**Given entries:**
------------------------------------------------------------------------

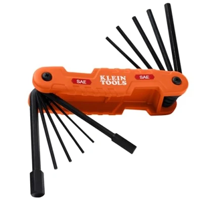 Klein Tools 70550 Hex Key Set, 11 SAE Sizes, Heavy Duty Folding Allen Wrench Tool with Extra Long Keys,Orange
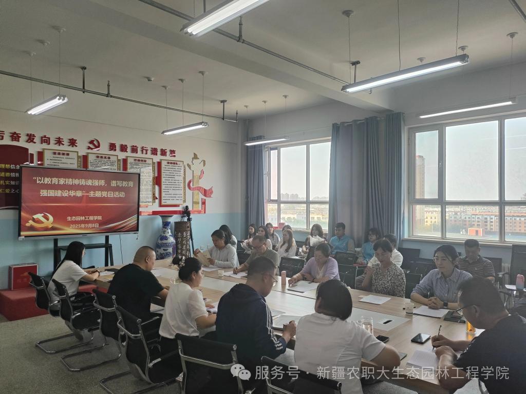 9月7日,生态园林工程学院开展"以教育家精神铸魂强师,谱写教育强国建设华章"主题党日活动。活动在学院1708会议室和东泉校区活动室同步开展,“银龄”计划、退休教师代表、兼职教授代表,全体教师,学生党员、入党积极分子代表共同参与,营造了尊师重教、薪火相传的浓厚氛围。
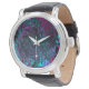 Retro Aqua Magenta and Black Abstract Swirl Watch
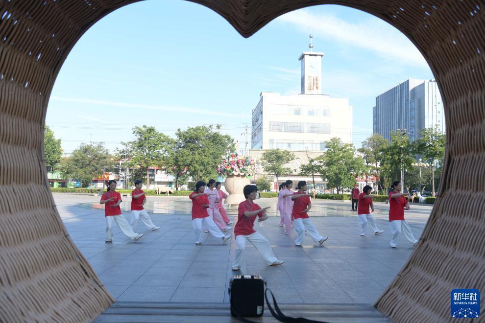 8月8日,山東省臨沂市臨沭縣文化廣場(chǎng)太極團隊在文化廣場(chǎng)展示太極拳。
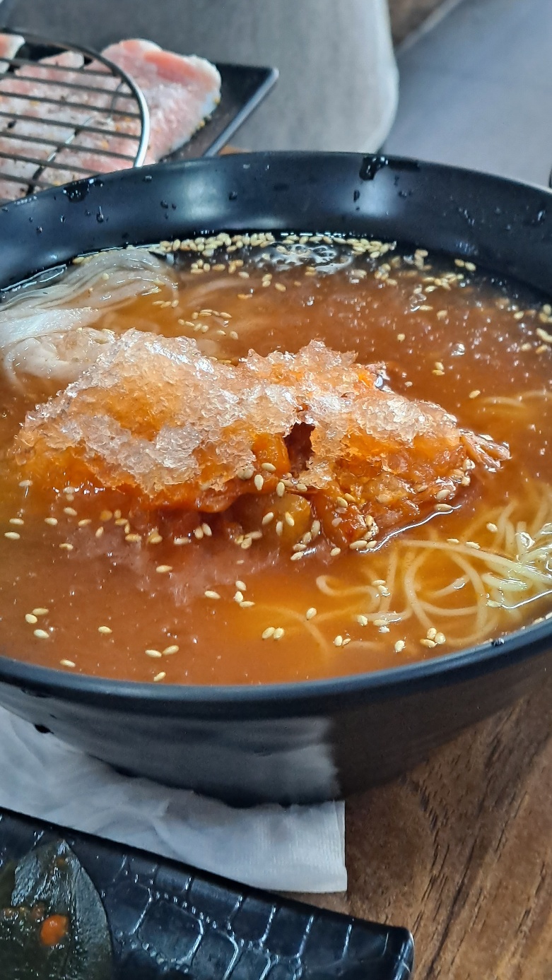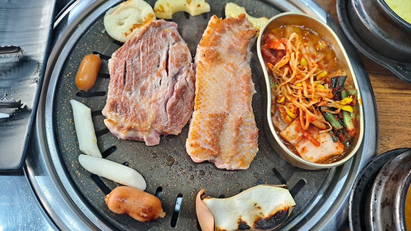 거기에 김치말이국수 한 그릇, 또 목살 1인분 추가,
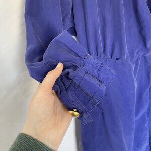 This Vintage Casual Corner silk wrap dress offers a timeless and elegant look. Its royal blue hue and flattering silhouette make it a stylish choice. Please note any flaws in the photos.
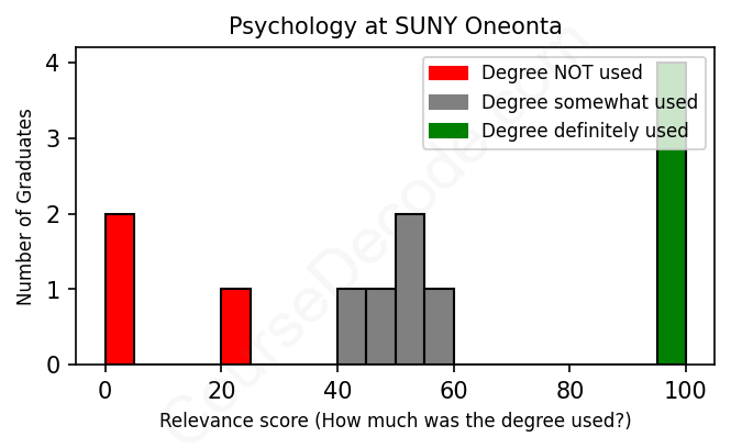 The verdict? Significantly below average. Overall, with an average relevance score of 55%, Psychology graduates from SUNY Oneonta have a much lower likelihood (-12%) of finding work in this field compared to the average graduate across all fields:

------------------------------------------------------------------------

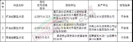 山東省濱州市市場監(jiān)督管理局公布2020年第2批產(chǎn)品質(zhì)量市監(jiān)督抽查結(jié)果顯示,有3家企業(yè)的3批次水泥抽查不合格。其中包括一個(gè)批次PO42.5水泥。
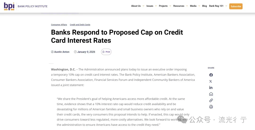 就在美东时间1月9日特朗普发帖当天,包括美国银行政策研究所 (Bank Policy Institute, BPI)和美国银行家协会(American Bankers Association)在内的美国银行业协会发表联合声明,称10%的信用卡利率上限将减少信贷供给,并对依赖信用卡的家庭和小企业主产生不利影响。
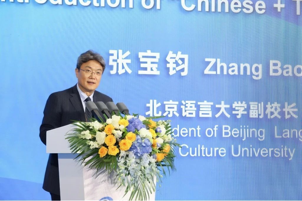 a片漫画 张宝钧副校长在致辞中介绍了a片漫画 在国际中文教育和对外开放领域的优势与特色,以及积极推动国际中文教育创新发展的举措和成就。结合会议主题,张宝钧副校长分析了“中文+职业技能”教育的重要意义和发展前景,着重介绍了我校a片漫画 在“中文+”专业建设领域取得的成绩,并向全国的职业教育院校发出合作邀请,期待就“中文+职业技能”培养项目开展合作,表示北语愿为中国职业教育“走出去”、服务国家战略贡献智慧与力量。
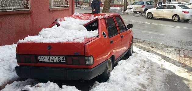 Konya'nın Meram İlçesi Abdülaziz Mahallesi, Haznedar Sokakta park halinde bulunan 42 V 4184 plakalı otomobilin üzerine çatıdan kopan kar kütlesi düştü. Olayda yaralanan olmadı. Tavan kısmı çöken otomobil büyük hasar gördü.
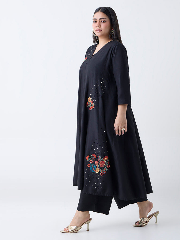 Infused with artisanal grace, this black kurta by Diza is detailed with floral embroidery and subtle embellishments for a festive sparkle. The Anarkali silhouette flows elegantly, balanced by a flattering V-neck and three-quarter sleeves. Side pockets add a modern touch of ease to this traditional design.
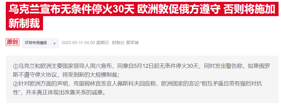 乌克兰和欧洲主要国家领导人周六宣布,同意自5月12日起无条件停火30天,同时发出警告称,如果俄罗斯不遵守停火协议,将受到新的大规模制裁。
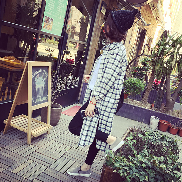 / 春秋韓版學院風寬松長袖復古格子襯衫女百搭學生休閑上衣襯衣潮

------------------------------------------------------------------------

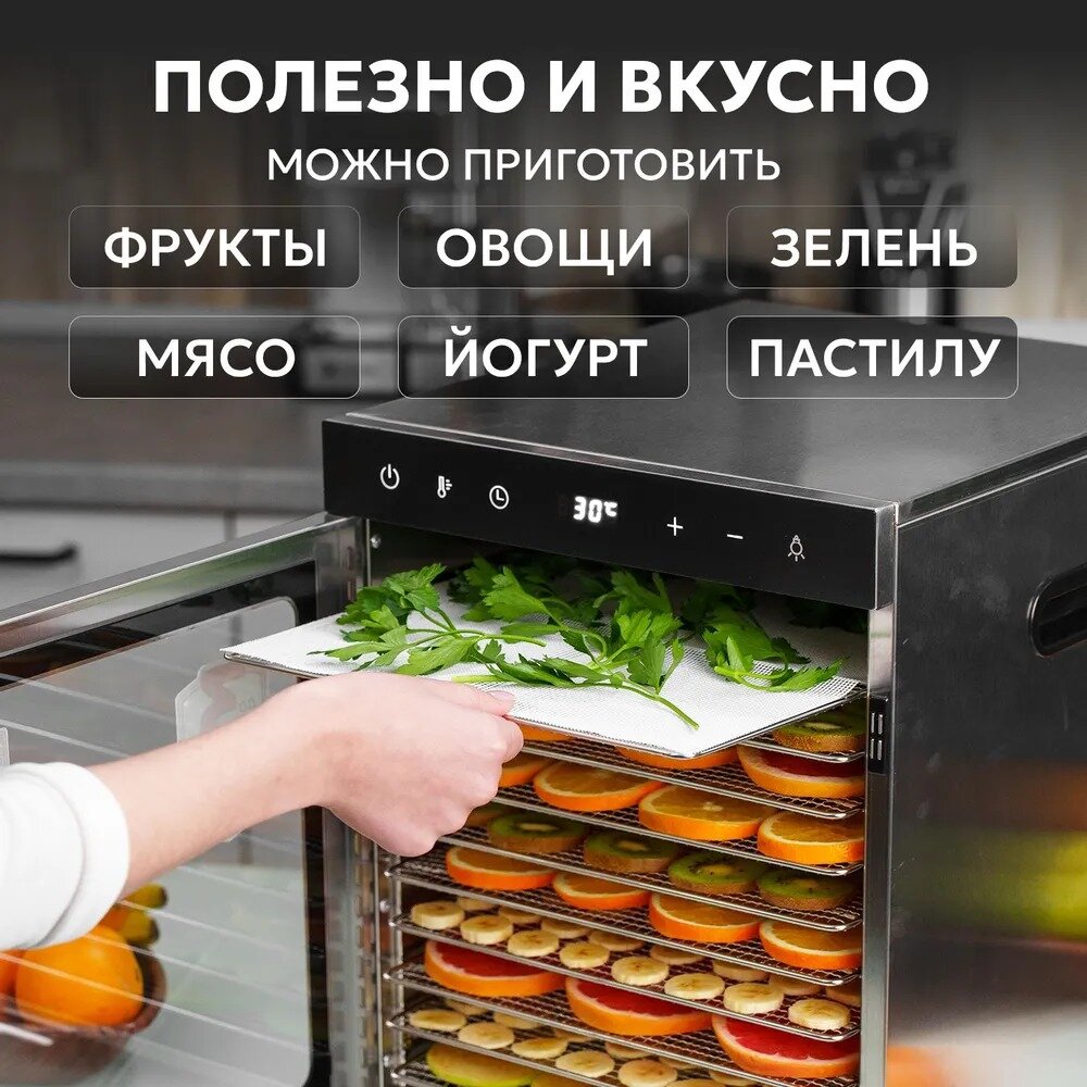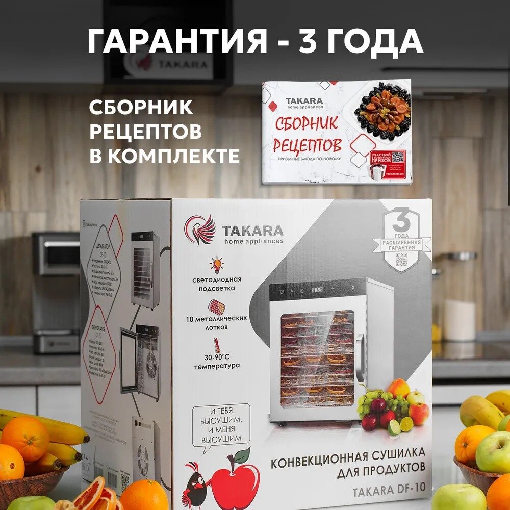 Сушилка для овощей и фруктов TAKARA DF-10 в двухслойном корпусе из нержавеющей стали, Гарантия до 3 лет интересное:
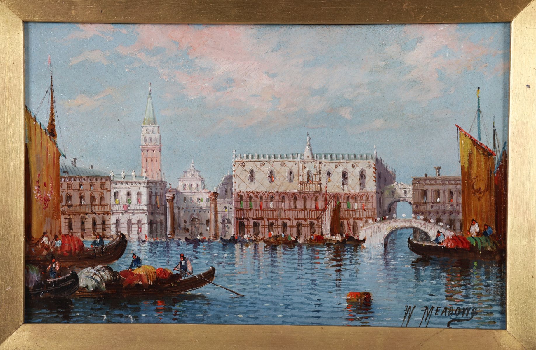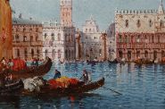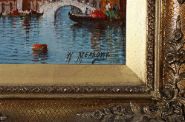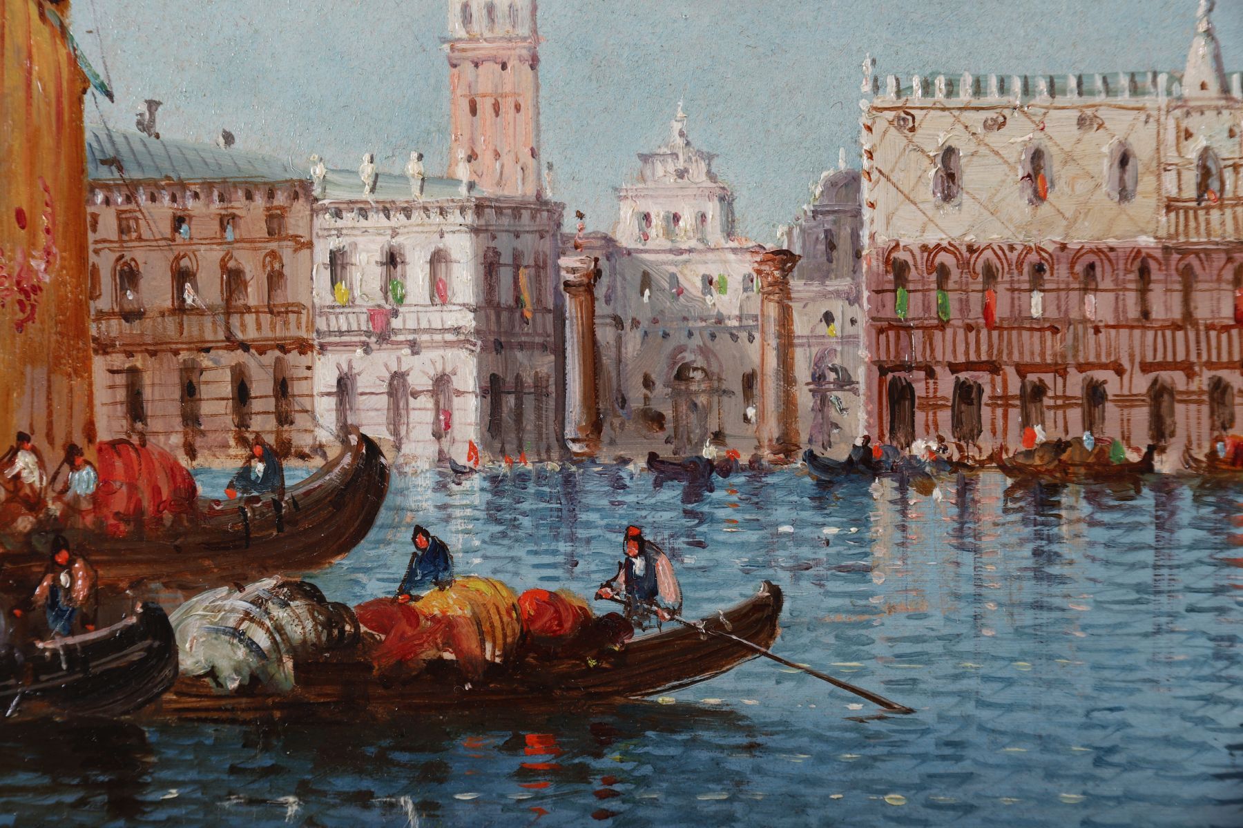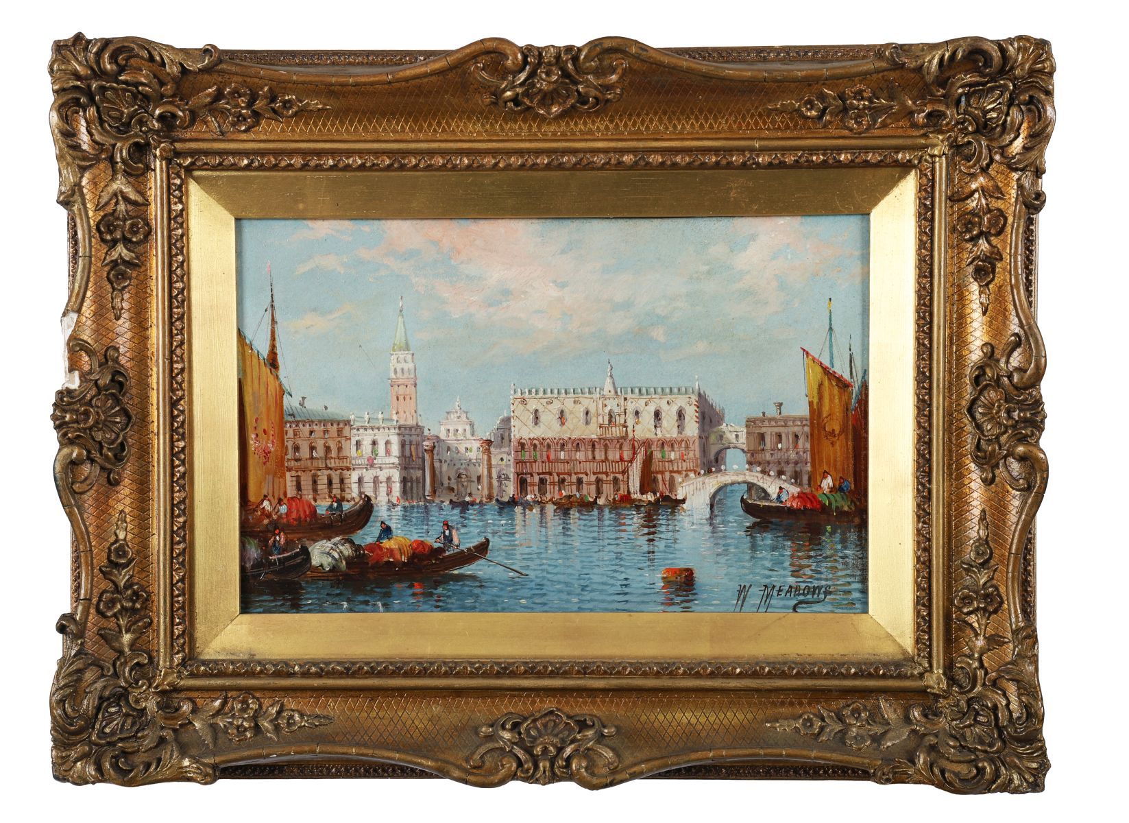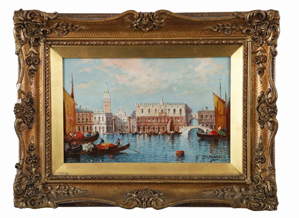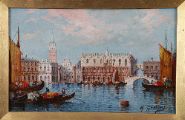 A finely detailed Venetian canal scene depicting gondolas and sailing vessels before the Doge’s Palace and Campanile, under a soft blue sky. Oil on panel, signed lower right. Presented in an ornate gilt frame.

------------------------------------------------------------------------

In the listing above, find the line with "8月8日,山東省臨沂市臨沭縣" and output it and every line after it up to and including the line with "The verdict? Significantly", exactly, minus the pictures.

**Answer for the task:**
 8月8日,山東省臨沂市臨沭縣文化廣場(chǎng)太極團隊在文化廣場(chǎng)展示太極拳。
 거기에 김치말이국수 한 그릇, 또 목살 1인분 추가,
 This Vintage Casual Corner silk wrap dress offers a timeless and elegant look. Its royal blue hue and flattering silhouette make it a stylish choice. Please note any flaws in the photos.
 The verdict? Significantly below average. Overall, with an average relevance score of 55%, Psychology graduates from SUNY Oneonta have a much lower likelihood (-12%) of finding work in this field compared to the average graduate across all fields:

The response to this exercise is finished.